For cheat’s sake, everyone in pro sports and in college sports in America cheats, starting with the fact that college athletes graduate after four years but are illiterate. Back in 1949, during the good old days of baseball, they even made a wonderful baseball movie by the name It Happens Every Spring. It celebrated cheating, the hero being an absentminded professor who accidentally discovers a potion that once applied to a baseball makes it avoid wood. He takes a leave of absence and wins 30 major league games. Mind you, it’s only a movie, but then in October of 1951 “The Shot Heard Round The World” took place. Bobby Thompson’s homer against Ralph Branca won the pennant for the Giants, but then the manager Leo Durocher proudly announced how the Giants had been stealing the signals of their opponents for years by having installed a powerful telescope-like contraption in their locker room at the old Polo Grounds in New York. The locker was situated in center field, rather conveniently. Everyone cheered the cheaters and booed the chumps. They don’t call it the land of opportunity for nothing.

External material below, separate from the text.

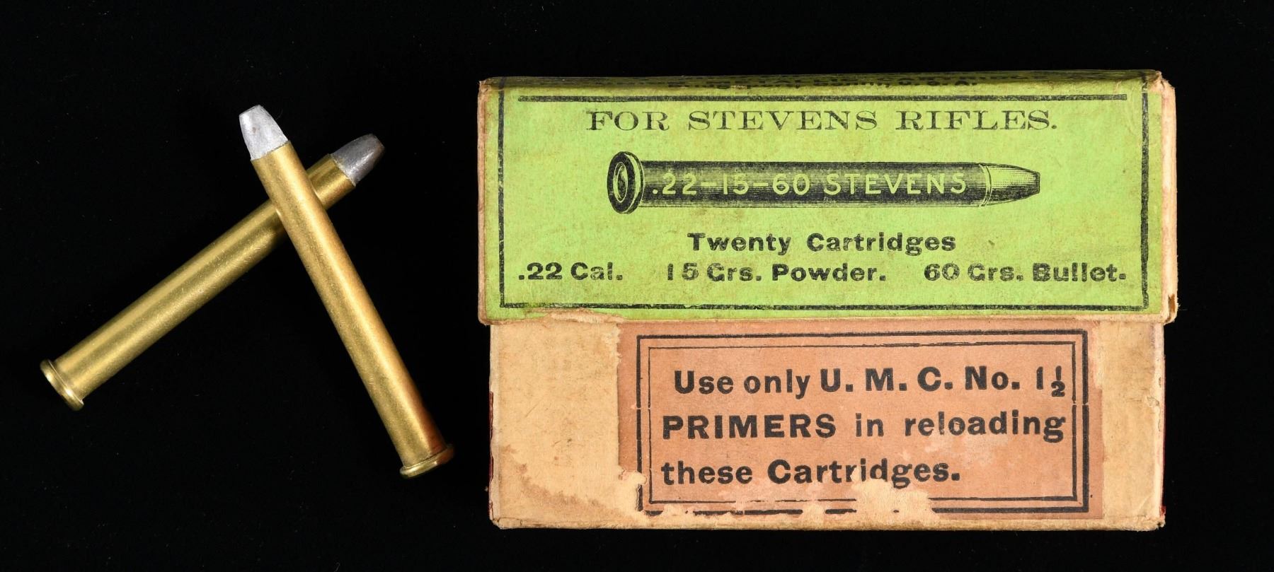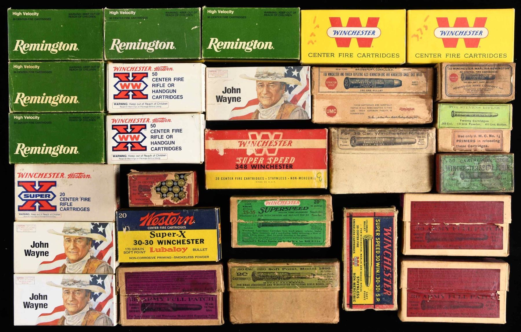 VINTAGE AMMO: all in very good condition to include boxes. 3 boxes of 20 Winchester John Wayne Commemorative nickel plated 32-40 (1 rd. missing). / 2 white boxes of 50 Winchester WW 180 gr. SP 38-40. / 2 yellow boxes of 20 Winchester 255 gr. SP 38-55 (boxes marked "3.75"). / 1 blue-yellow box of 20 Western Super-X 170 gr. SP 30-30. / 1 blue-red-yellow box of 20 Winchester Super Speed 170 gr. SP 30-30. / 1 red-yellow box of 20 Winchester Super Speed 150 gr. SP 348 Win. / 5 green-yellow boxes of 50 Remington 86 gr. SP 25-20. / 1 white box of 20 Winchester Western 200 gr. Silvertip 358 Win. / COLLECTOR 2 PIECE BOXED AMMO: conditions very good with flaws noted. 3 boxes of 20 having magenta colored tops by Winchester (3 rds. missing plus 3 with stained rims) 220 gr. Full Patch bullets for 30 Army (30-40 Krag). / 1 box of 20 having pale green colored tops by Winchester (1 rd. missing) 220 gr. Soft Point for Model 1895 (30-40 Krag). / 1 white box (soiled top) Remington UMC 20 rds. (1 fired case plus 3 missing) 250 gr. Soft Point 35 Win. / 1 tan box (water stained end) of 20 rds. Remington UMC 260 gr. Soft Point 40-82 Win. & Marlin. (4 with cleaned rims only). / 1 red box of 50 rds. Winchester Smokeless with lead bullets for 25-20 Single Shot. (approx. 1/3 of top eaten away plus cellophane tape repair). / 1 aged looking conventional box of 50 rds. Remington UMC 100 gr. Jacketed SP in 32-20. / 1 red-green box 50 rds. (only 20 remaining) Winchester Model 1873 lead bullet for "Winchester 32 Rifle" (32-20), great cond. ammo. / 1 green box 20 rds. (6 very nice, 2 missing & 12 with varying degrees of corrosion - mainly on rims) 87 gr. hollow points in 25-35. Saved the best for last: 1 green box of 20 rds. (2 missing) UMC 60 gr. 22 cal. Stevens with 15 gr. of black powder. (22-15-60) in truly remarkable condition to include the 2 piece box. Very rare and unbelievable condition !. (02-24465-1/NW). $750-1,000.

Senator Bill Bradley has admitted that when playing for the Knicks he used to deflate basketballs in order to gain a competitive edge, and the great Gaylord Perry got into the Hall of Fame by throwing spitballs. Perry never revealed how he got the spit on the ball, but did say that he used to line his baseball cap with Vaseline. The Colorado Rockies openly keep their baseballs inside humidors, like cigars, to keep them from drying out and flying off the face of the earth. Colorado is high enough as it is. My favorite cheater was that woman Rosie something, who won the Boston Marathon, was almost sanctified because she was a Cuban, then it transpired that she had taken the subway for most of the way and had only run about a mile or so. Better yet, the Yankees didn’t mind when Andy Pettitte and Roger Clemens used steroids, and the baseball commissioner said nothing when Barry Bonds broke Babe Ruth’s and Hank Aaron’s homer record by quite a lot, almost as much as his head grew from extreme use of steroids.